### Problem description
Please output the records below word for word and omit the pictures.

================================

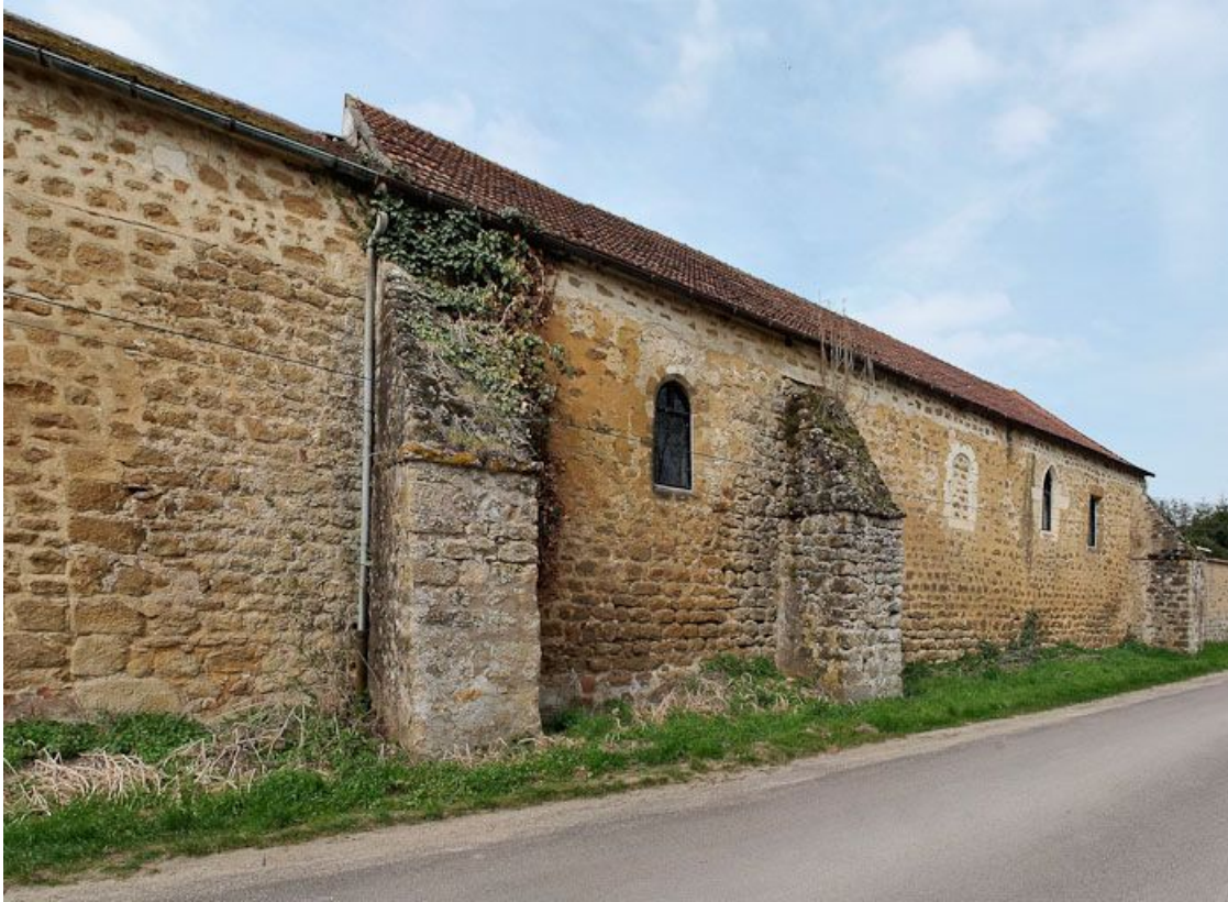
Chapelle : mur de long-pan sur rue. 89, Saint-Florentin, lieudit : la Maladrerie

N° de l'illustration : 20098900006NUC2AQ
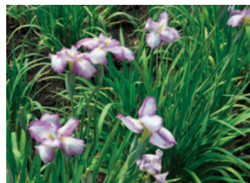
立野台公園に咲くハナシヨウブ
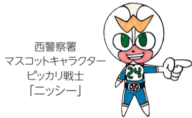
西警察署 マスコットキャラクター ピッカリ戦士 「ニッシー」

※比較的軽微な交通違反に交通反則告知書(青切符)が交付され、違反者が反則金を納付すれば、刑事罰に課されない制度 (16歳以上が対象)
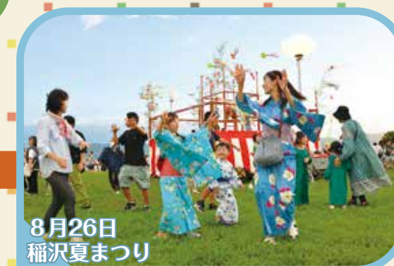
8月26日 稲沢夏まつり
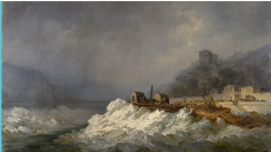
Le bateau à vapeur « Le Vengeur » pris dans les glaces de la Saône en 1866, huile sur toile, Joseph Desombres / Musée des Beaux-Arts de Lyon, inv. X 892 / Photo : Pierre Aubert
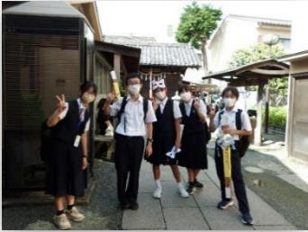
< 1年川越校外学習 >

3年生にとって、初めての宿泊行事となり学校では学べない思い出に残る行事となりました。2年生は浅草方面に、1年生は川越で、それぞれ班行動で生徒自ら計画した見学地を訪問しました。現在、事後学習として学習の成果を、ICT（パワーポイント）を用いて発表する準備を進めています。

================================

### Finished exercise
Chapelle : mur de long-pan sur rue. 89, Saint-Florentin, lieudit : la Maladrerie

N° de l'illustration : 20098900006NUC2AQ
立野台公園に咲くハナシヨウブ
西警察署 マスコットキャラクター ピッカリ戦士 「ニッシー」

※比較的軽微な交通違反に交通反則告知書(青切符)が交付され、違反者が反則金を納付すれば、刑事罰に課されない制度 (16歳以上が対象)
8月26日 稲沢夏まつり
Le bateau à vapeur « Le Vengeur » pris dans les glaces de la Saône en 1866, huile sur toile, Joseph Desombres / Musée des Beaux-Arts de Lyon, inv. X 892 / Photo : Pierre Aubert
< 1年川越校外学習 >

3年生にとって、初めての宿泊行事となり学校では学べない思い出に残る行事となりました。2年生は浅草方面に、1年生は川越で、それぞれ班行動で生徒自ら計画した見学地を訪問しました。現在、事後学習として学習の成果を、ICT（パワーポイント）を用いて発表する準備を進めています。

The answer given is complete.